На память приходят дрожжи.
– Люблю, когда ты улыбаешься, – признается Пул. И, поколебавшись: – Хорошо, что ты остановилась у нас. Вспоминаю тебя и диву даюсь: была такая задиристая девчонка, такая взбалмошная, родной отец не мог найти подход. И вдруг – женщина, и у нее Лео, и у нас.
Фредерика не без усилия улыбается: слово «женщина» настораживает.
Вдвоем они славно ужинают и беседуют. О Филлис К. Прэтт, об Элвете Гусаксе, о том, почему чувствительным юным особам не стоит писать романы. О Найджеле ни слова. Но скоро придется вспомнить и о нем.
Билл Поттер перерабатывает свою лекцию о «Мэнсфилд-парке»[83]83
«Мэнсфилд-парк» (1814) – роман Джейн Остин.
[Закрыть]. Он читает эти лекции лет тридцать с небольшими перерывами, но всегда перерабатывает – отчасти из уважения к ученикам, которые заслуживают услышать что-то посвежее затверженного до дыр старья, отчасти потому, что его отношение к этому скрытному и печальному произведению все время медленно меняется, как отношение всякого человека к своим родным. Он размышляет о сэре Томасе Бертране, который недостаточно занимался нравственным воспитанием своих дочерей, но ухитряется найти более достойную замену своей семье: молодые Прайсы, сын и дочери свояченицы. Билл с нежностью думает о живущих с ним внуках.
За окном тишина. Вдали раздается рокот автомобиля, звук нарастает, переходит в рычание и обрывается возле двери. Билл надеется, что Уинифред отопрет, но, оказывается, она ушла. Снова звонок, и он идет отпирать сам.
Он сразу узнает своего зятя Найджела Ривера. Это здоровяк в алой тенниске, брюках из плотной диагонали и твидовой куртке. Найджел видит перед собой старого гнома с кустистыми, рыжими впроседь волосами и острыми бледно-васильковыми глазами.
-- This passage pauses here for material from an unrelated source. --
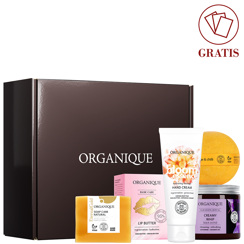 To Twoja pierwsza wizyta w Organique i zastanawiasz się, co wybrać? A może już masz jakiś produkt, który Ci się sprawdza i zastanawiasz się co jeszcze warto zamówić? Albo szukasz prezentu uniwersalnego, ale i personalnego, żeby ucieszył osobę obdarowaną? Jeśli tak, to jesteś w dobrym miejscu. Zestaw Prezentowy Poznaj Organique to zestaw wyjątkowy, inny niż wszystkie. Został starannie skomponowany tak, by osoba obdarowana (lub Ty oczywiście!) miała okazję przy zaledwie 1 pudełku poznać nasze najbardziej cenione zapachy, formuły i kosmetyki. Dodatkowo, cała paczuszka została wypełniona aż 10 darmowymi próbkami tak, by poznać za jednym prezentem jak największą część naszego cenionego asortymentu! Podaruj bliskiej Ci osobie gamę kosmetyków naturalnych o najlepszych składach i nieziemskich zapachach!
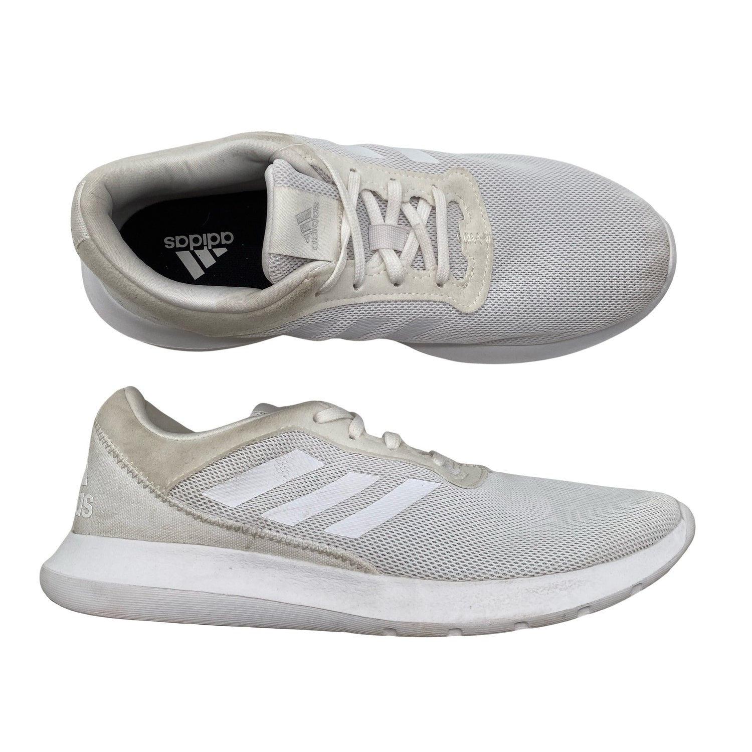 Adidas Lenkkarit, koko 38. Malli: RUNFALCON 5. Kauluksen sisäpuolella on aavistus tummentumaa. Yleisilme on siisti.

– Я хочу поговорить с Фредерикой.
– В таком случае вы обратились не по адресу. Ее здесь нет.
– А по-моему, она здесь. Я решил приехать сразу, без звонка, а то по телефону вы сказали бы, что ее нет, или она не захотела бы подойти. Мне надо с ней поговорить.
– Молодой человек, вы напридумывали то, чего нет. Я даже не знал, что она от вас ушла, пока вы не сказали. Если она рассудила так поступить, то жаль, что не приехала ко мне.
– Я вам не верю! – объявляет Найджел. Билл мысленно отмечает, что он «не в себе». – Войду сейчас и посмотрю. Она должна со мной поговорить. И потом, мне нужен Лео.
– Ничем не могу помочь, – отвечает Билл. – А и мог бы, не стал бы. Что за жизнь вы ей устроили!
– Очень удобную жизнь я ей устроил, – огрызается Найджел. – Пропустите, будьте любезны. Пойду поищу жену и сына.
– Я не имею привычки лгать, – говорит Билл. – Их здесь нет.
Он пытается закрыть дверь. Найджел меняется в лице. Он толкает дверь с такой силой, что она ударяет Билла в лицо, он отлетает и ударяется затылком о шершавую стену. Хлещет кровь, оглушенный Билл падает на колени перед Найджелом, а тот, обхватив его, лихорадочно лепечет сумбурные извинения и с дрожью ощупывает рану. Почти что в обнимку они ковыляют в кухню, и Найджел с удивительной расторопностью хватает чистое посудное полотенце и, смочив, обтирает рану тестя.
– Ищите на здоровье, – дрожащим, но пронзительным голосом предлагает Билл. – Где они тут? Есть следы? Раз уж ворвались, обыщите весь дом. Здесь вам их не найти.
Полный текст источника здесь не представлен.